В полдень императору в кабинет приносили на подносе завтрак. В 121/2 работа возобновлялась и продолжалась до пяти часов. Затем принимались гости. По словам Редлиха, высшее общество Вены делилось на две группы, между которыми, впрочем, было большое расстояние. Первую группу посетителей Бурга составляли «свои», старая католическая знать, с древними титулами не ниже графского: Шварценберги, Лихтенштейны, Ауэрсперги, Гаррахи, Паары, Вальдштейны, Лобковицы, Кинские, Клам-Мартиницы, Тупы; при Марии Терезии к «своим» были причислены венгерские магнаты, а при Франце Иосифе еще знатнейшие польские семьи. Забавно, что назывались эти семьи «Das eigentliche Milieu», «Высший свет» или просто «Das Milieu», — как известно, на парижском языке это слово означает совсем иную среду — уголовников. За «своими» следовал второй слой: дворянство родовое и служивое, а с половины царствования Франца Иосифа — еще богатейшие банкиры и промышленники, во главе с Ротшильдами. Из этого круга выходило большинство министров, генералов и дипломатов. Они принимались при дворе, но своими никак не считались и со своими не смешивались. Все остальные были просто народ. Однако из него Франц Иосиф выделял и предпочитал народ в более тесном смысле слова. На охотах он подолгу и с особым удовольствием разговаривал с егерями, с крестьянами на простонародном австрийском наречии.
Влияния же на него, по словам близко знавших его людей, не имел никто. Ламмаш говорил фельдмаршалу Маргутти, что влияние на Франца Иосифа мог бы иметь только такой человек, который принадлежал бы по рождению к самой высшей титулованной знати, обладал бы исключительно блестящими талантами и огромными познаниями, был бы несметно богат и ни разу в жизни не попросил бы императора ни о чем для себя лично. «Но, слава Богу, — добавлял Ламмаш, — такого человека на свете не существует!..»

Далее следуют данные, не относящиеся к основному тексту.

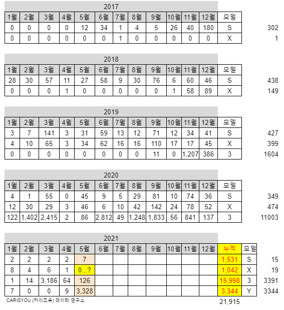 이걸로 이제 국내 테슬라는 2만대를 돌파! 총 21,915대가 되었습니다.
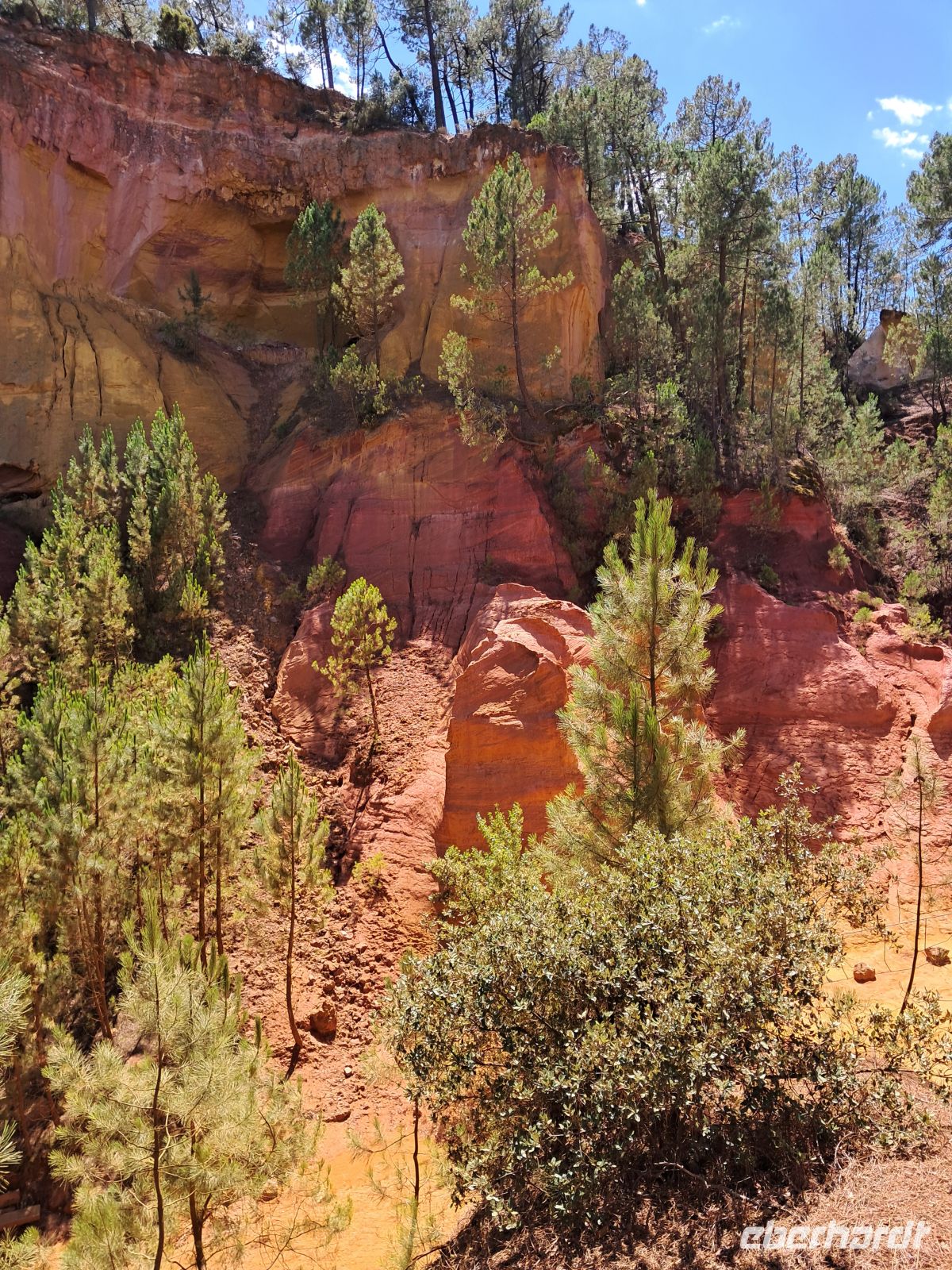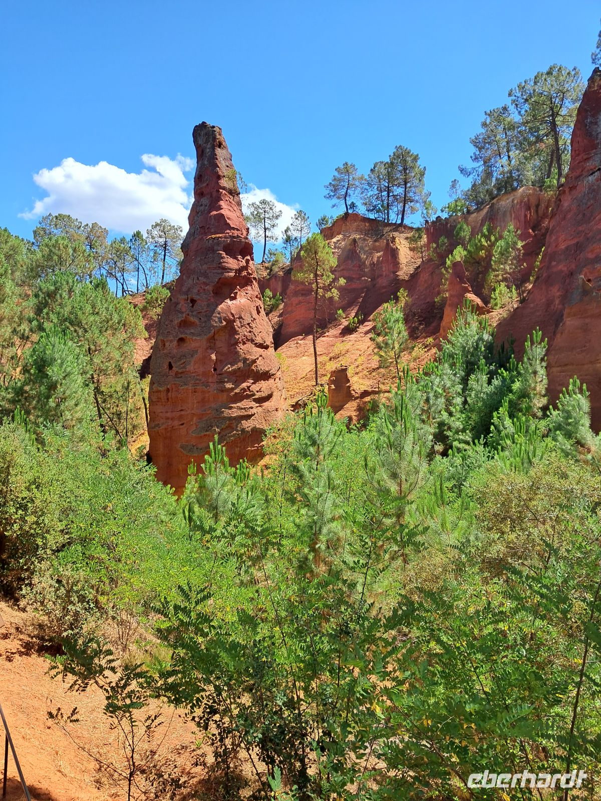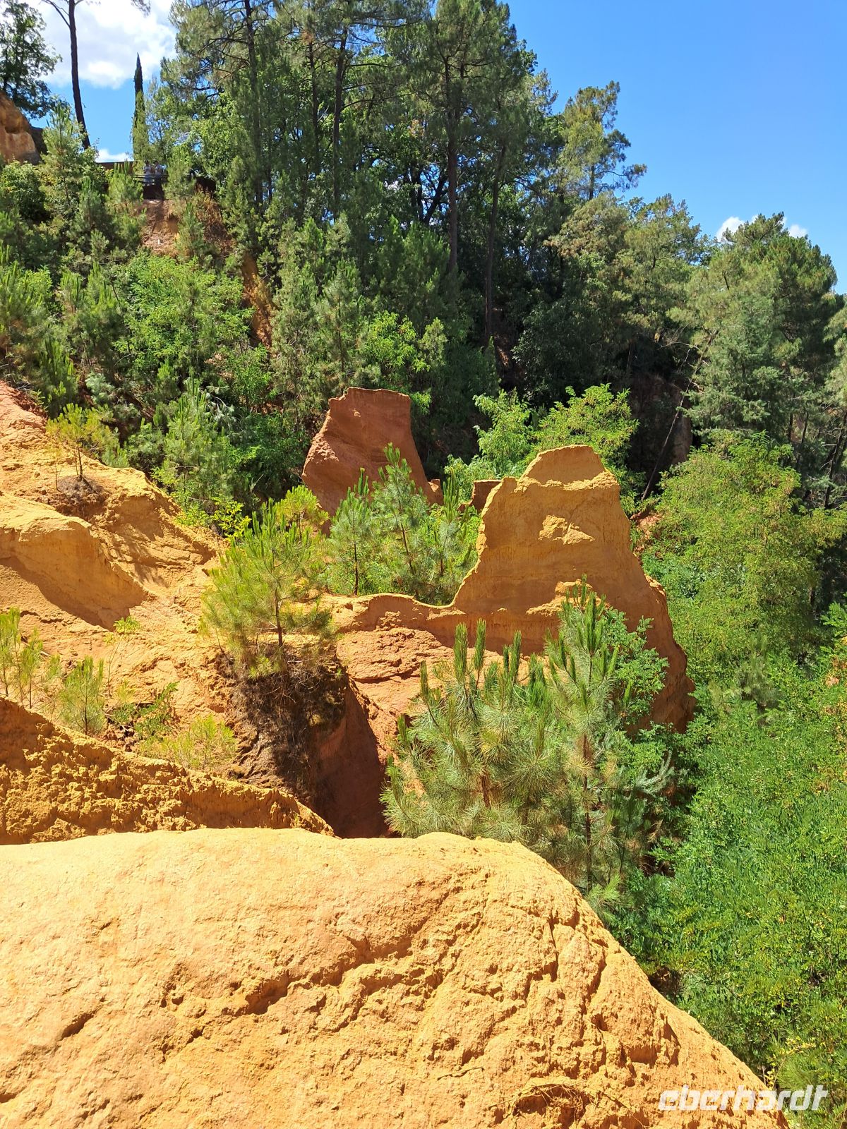 Roussillion, das rote Dorf, steht in der Schönheit Gordes nicht nach. Es hat dazu einen Ockerpfad zu bieten, den es so woanders nicht gibt. Was für ein herrliches Spiel aus gelben und roten Formationen, inspirierend für Geist und Sinne.

После обеда приезжала подруга императора, артистка Екатерина Шратт, и он с ней играл часа полтора в тарок. Ложился спать в девять часов вечера. Эрцгерцог Леопольд Фердинанд в своих воспоминаниях совершенно серьезно приписывает расхождение императора и императрицы главным образом их образу жизни: она превращала ночь в день и день в ночь, он ложился в девять и вставал в четыре.
Эта однообразная, размеренная, скучная жизнь шла изо дня в день, из года в год, — он процарствовал, как известно, 68 лет. Порядок дня несколько нарушался в дни придворных балов и парадных спектаклей, — ни того ни другого Франц Иосиф не любил и мог бы повторить знаменитую фразу: «Жизнь была бы вполне приемлема, если б не развлечения». Не доставляли ему большого удовольствия и приезды иностранных гостей.
Любил он, по словам знавших его людей, только саксонского короля Альберта, с которым часто подолгу охотился в горах. Это был его единственный друг. Хорошо относился к Эдуарду VII, подчеркнуто современный стиль которого, столь чуждый его собственному стилю, видимо, забавлял старого императора, Вильгельма II он недолюбивал, чтобы не сказать: терпеть не мог. Князь Бюлов, бывавший при их встречах, откровенно говорит: «Вильгельм II действовал на нервы Францу Иосифу, как тот ни старался это скрывать». С русским двором отношения были корректно-холодные, притом с давних времен. Бисмарк где-то пишет, что у императора Александра II меняется лицо, когда произносят имя Франца Иосифа (вероятно, из-за австрийской политики в пору Крымской войны, — стихи Тютчева весьма памятны). Впоследствии отношения стали лучше. При графе Капнисте Франц Иосиф 6 декабря приезжал в русское посольство и, здороваясь с послом, снимал перчатку: показывал, что знает этот русский обычай. Он был русским фельдмаршалом, имел Георгиевский крест III степени и русскую медаль, которой в 20-м столетии не помнил никто из русских офицеров: медаль за войну 1849 года. По случайности другая медаль — по случаю 300-летия дома Романовых — была ему доставлена за два дня до начала мировой войны.
К своим родным он относился без особой нежности. Недоброжелатели говорили, что он никогда не любил никого из них. Граф Таафе, бывший министром-президентом в пору мейерлингской драмы, «онемел от удивления», увидев императора тотчас после того, как ему сообщили о смерти его единственного сына: Франц Иосиф был совершенно спокоен — «ни слова, ни движения на лице».